District 11, headquartered in Corpus Christi
— Pearl Jones, 4-H and youth development, Washington County. Jones, of Saint Charles, Iowa, earned her associates in agribusiness from Kirkwood Community College and her bachelor’s in agriculture at West Texas A&M University. She plans on pursuing a master’s this coming spring. Growing up, she was heavily involved with 4-H and FFA and spent many years showing market goats at jackpots, county fairs and the Iowa State Fair. At West Texas A&M University, she served as the president of the agribusiness club. Internships during her college career include working for Hawkeye Breeders Services Inc., Iowa State Extension and Outreach in Madison County, The Working Ranch Expo and The National Western Stock Show.

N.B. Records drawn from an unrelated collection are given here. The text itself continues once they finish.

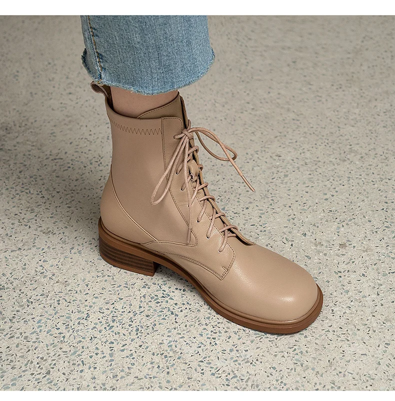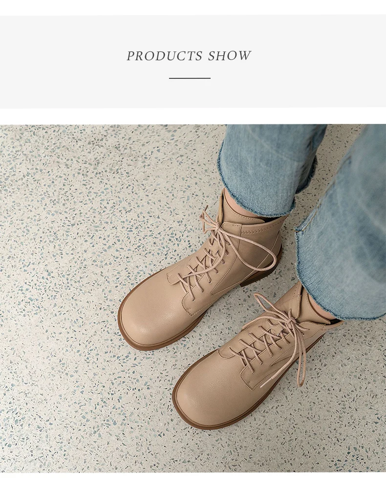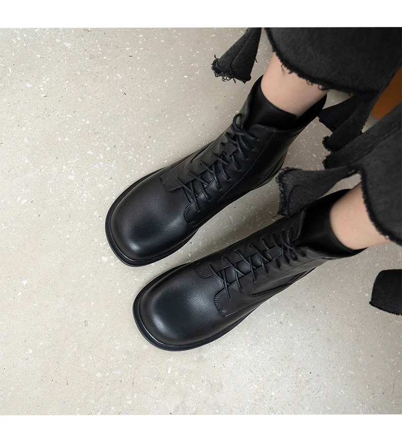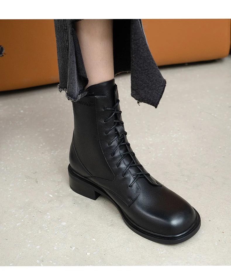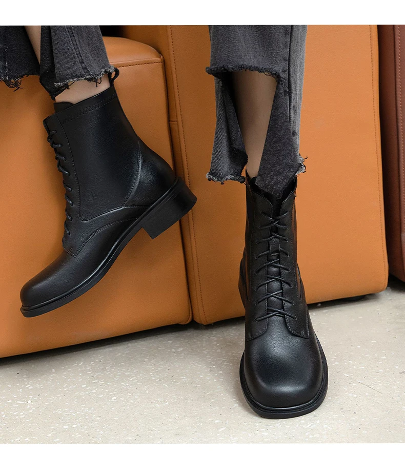 Ботильоны женские из натуральной кожи, с круглым носком, на толстом каблуке
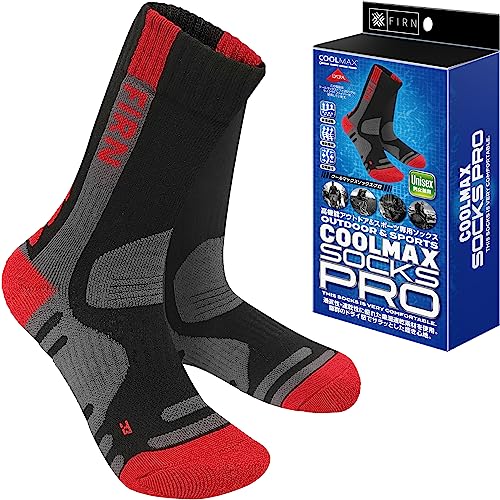 フィルン クールマックス ソックスは、ハイキングやトレッキングに最適な高機能靴下。通気性、吸水速乾性に優れ、軽量で中厚手。クッション性があり、水ぶくれ防止。男女兼用、クルー丈で快適な履き心地。サイズL、色はレッド。
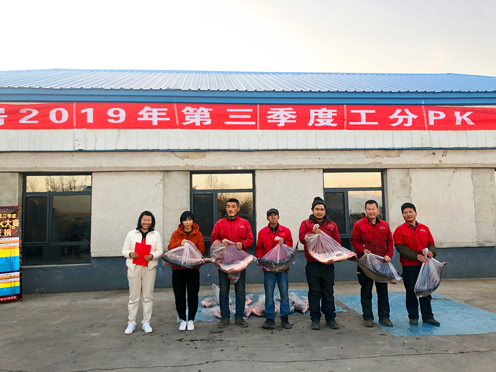 公司每季度會評選出各部門工分前三名,要么獎勵大魚、豬肉,要么送米面油,讓員工回家更有面兒,切實感到溫暖、實惠。
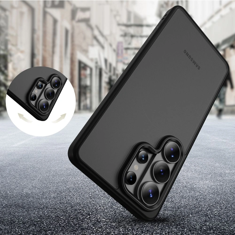 Podniesiona forma obudowy wokół aparatu i ekranu chroni najbardziej wrażliwe elementy przed kontaktem z powierzchnią płaską. Precyzyjne wycięcia gwarantują pełny dostęp do wszystkich portów, przycisków i głośników, nie ograniczając żadnej funkcjonalności urządzenia.
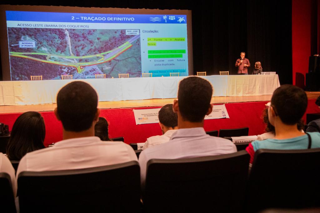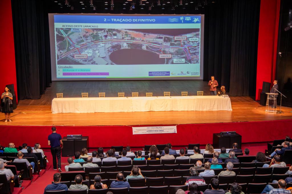 A Prefeitura de Aracaju, representada pela Secretaria Municipal do Planejamento, Orçamento e Gestão (Seplog) e pela Secretaria Municipal do Meio Ambiente (Sema), participou, nesta segunda-feira, 01, da segunda audiência pública promovida pelo Governo de Sergipe sobre a construção da nova ponte que ligará Aracaju à Barra dos Coqueiros. Realizado no Teatro Tobias Barreto, o encontro teve como objetivo detalhar aspectos técnicos, sociais e ambientais do projeto, além de ouvir a população sobre os impactos e benefícios da obra. A secretária municipal do Meio Ambiente, Emília Golzio também acompanhou a audiência.
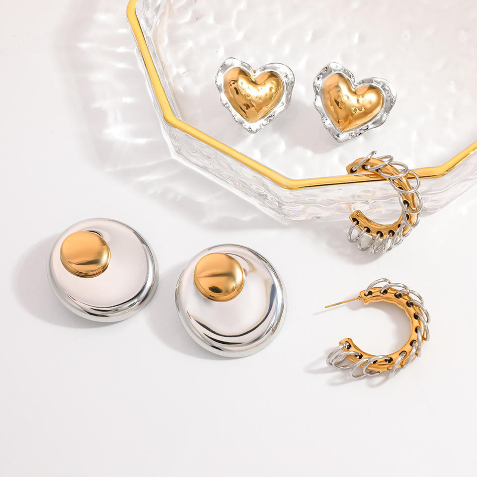 ต่างหูห่วงสแตนเลสชุบทอง 18k สีทอง สีเงิน ดีไซน์รูปทรงเรขาคณิตรูปหัวใจ สำหรับใส่ทุกวัน
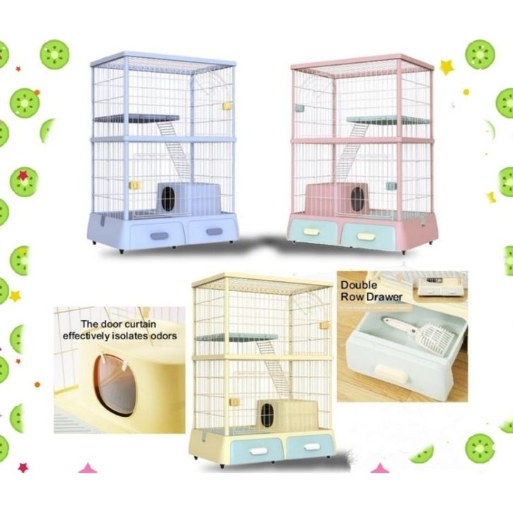 Kandang Kucing Anjing Premium 2 Layer Import Roda + Laci + Drawer Toilet
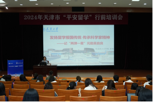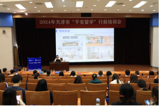 在首届平安留学宣传月到来之际,为积极响应教育部“平安留学进校园”号召,5月24日,由教育部国际合作与交流司指导,教育部留学服务中心主办,天津市教育委员会和南开大学承办的“2024年天津市‘平安留学’行前培训会”在南开大学举行。来自天津大学、天津财经大学、天津师范大学、天津外国语大学、天津商业大学、天津理工大学、天津科技大学、南开大学等天津市8所高校拟出国(境)师生近300人参加培训。本次培训会旨在强化留学人员思想政治引领,服务新时代人才强国战略,也是落实天津市科教兴市人才强市行动,营造引智聚才良好环境的一次深入实践。
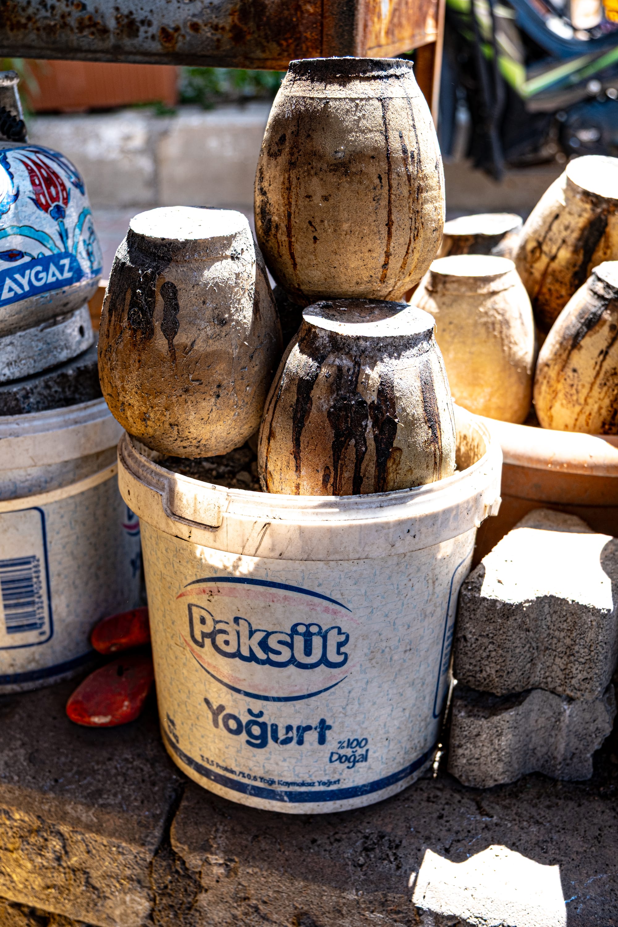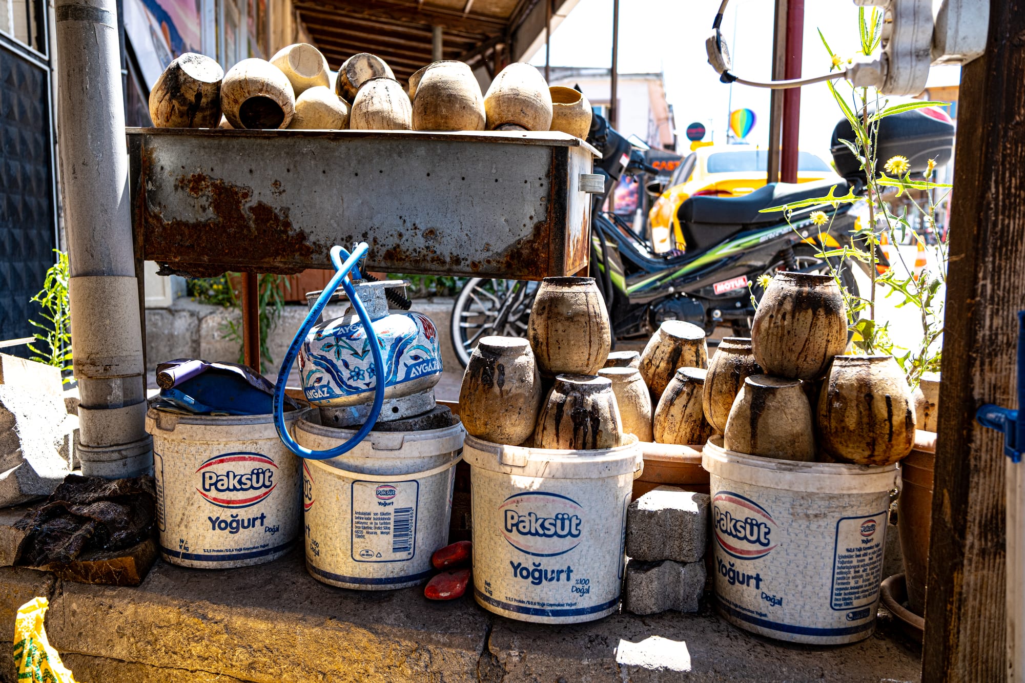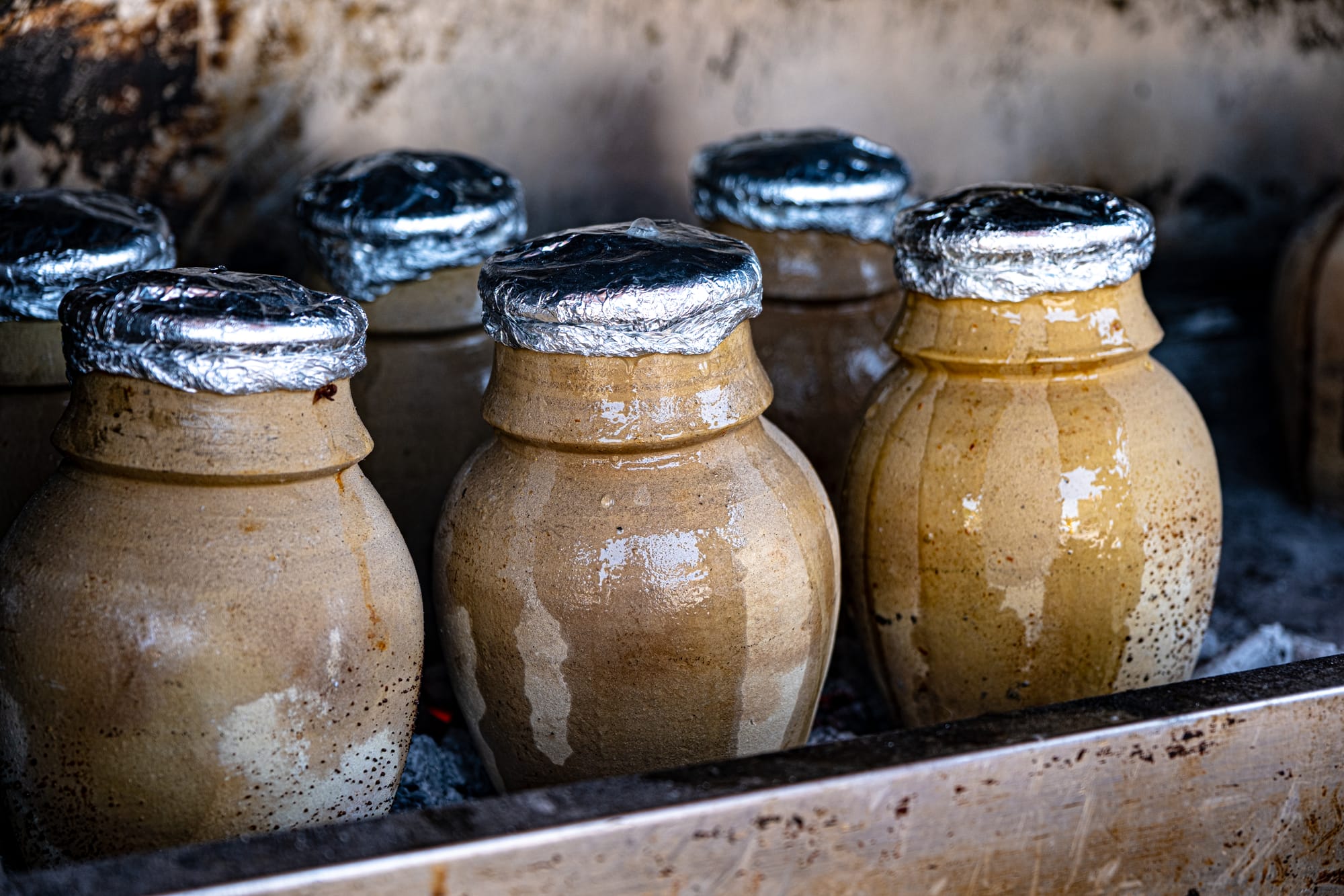Stacks of clay pots rest in repurposed yogurt tubs outside the restaurant, a quiet record of the dishes cooked and shared here
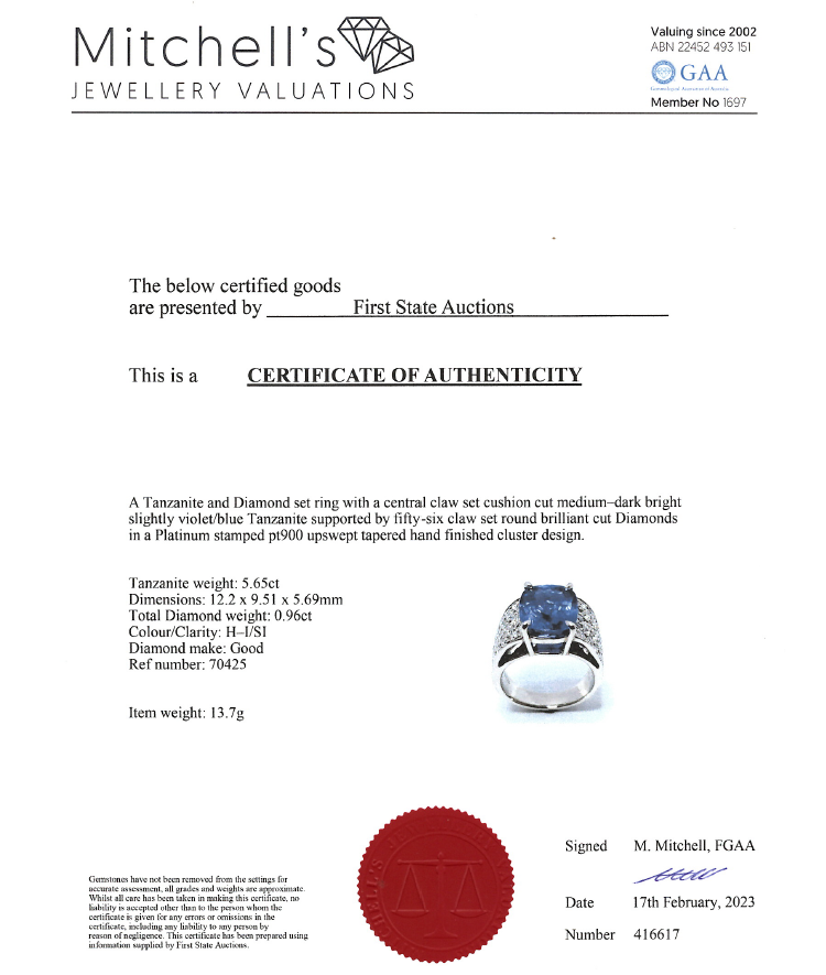 Tanzanite and Diamond ring with cushion cut Tanzanite of 5.65ct and round Diamonds totalling 0.96ct (Estimated grading: H-I SI). Platinum - 900. Ring size I - ring resizing is not recommended. Weight: 13.7g. With certificate #416617. (Pre-owned)
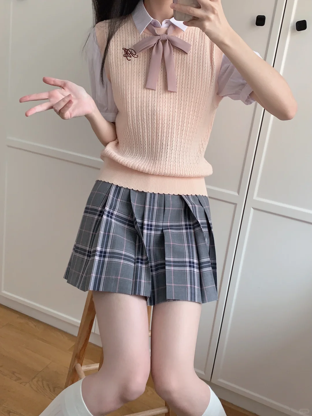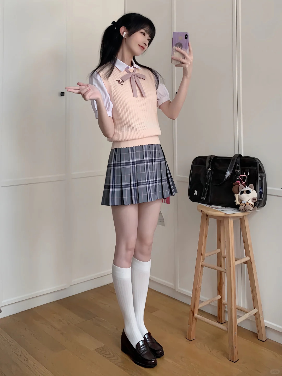 这个粉背心跟灰紫色也太适配了! 感觉加上反而更耐看!
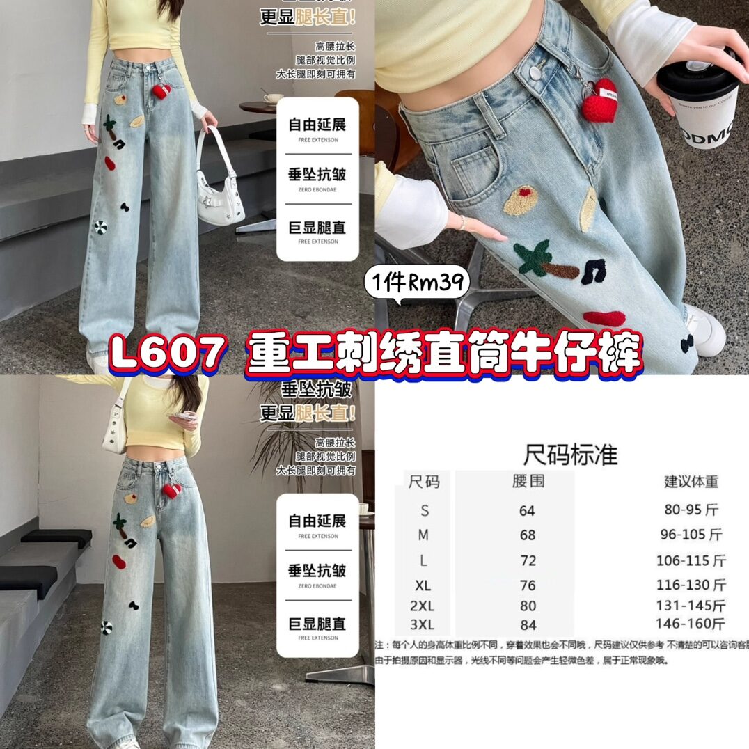 L607 重工刺绣直筒牛仔裤
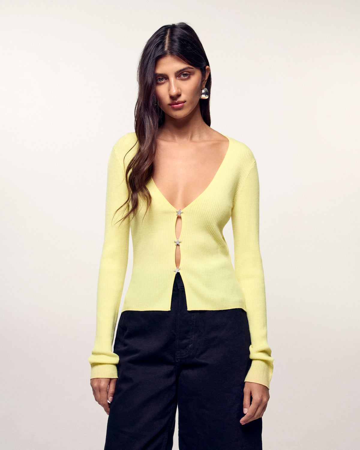 V-neck Top with Star Buttons - 100% Merino Wool - RWS Certified - Star Yellow

— Stephanie Rudolph, family and community health, Washington County. Rudolph, of Brenham, earned her bachelor’s in Agricultural Leadership and Development and has started her master’s in agricultural leadership, education and communications, both at Texas A&M University. Rudolph spent the last nine years working as the office manager at the AgriLife Extension office in Washington County. She said she is passionate about giving back to the town where she grew up and is excited for the opportunity to help promote health and wellness to individuals and families. “While I did not grow up in 4-H, I have seen the impact 4-H has had on youth in my community, and I am eager to help develop leadership and life skills for the members here,” Rudolph said. “I am excited about the opportunity to work for AgriLife Extension and deliver programs that will improve the overall well-being of the citizens in my area. When someone succeeds in a program or makes a life change, the entire community gets a little better.”
District 12, headquartered in Weslaco
— Analisa Sanchez, 4-H and youth development, Cameron County. Sanchez, of Weslaco, earned her bachelor’s in animal science with a minor in leadership studies and a certificate in equine science from Texas A&M University. As an undergraduate student, she completed her first internship with AgriLife Extension in Hidalgo County and a second internship in the equine program with Jennifer Zoller, Ph.D., and Chelsie Huseman, Ph.D., both AgriLife Extension equine specialists. These opportunities allowed her to cross paths with hundreds of 4-H members and families, where she said she got to see firsthand the positive impact that Texas 4-H has on youth development. Sanchez said she is looking forward to serving Cameron County by making connections in her community and guiding youth to achieve their full potential.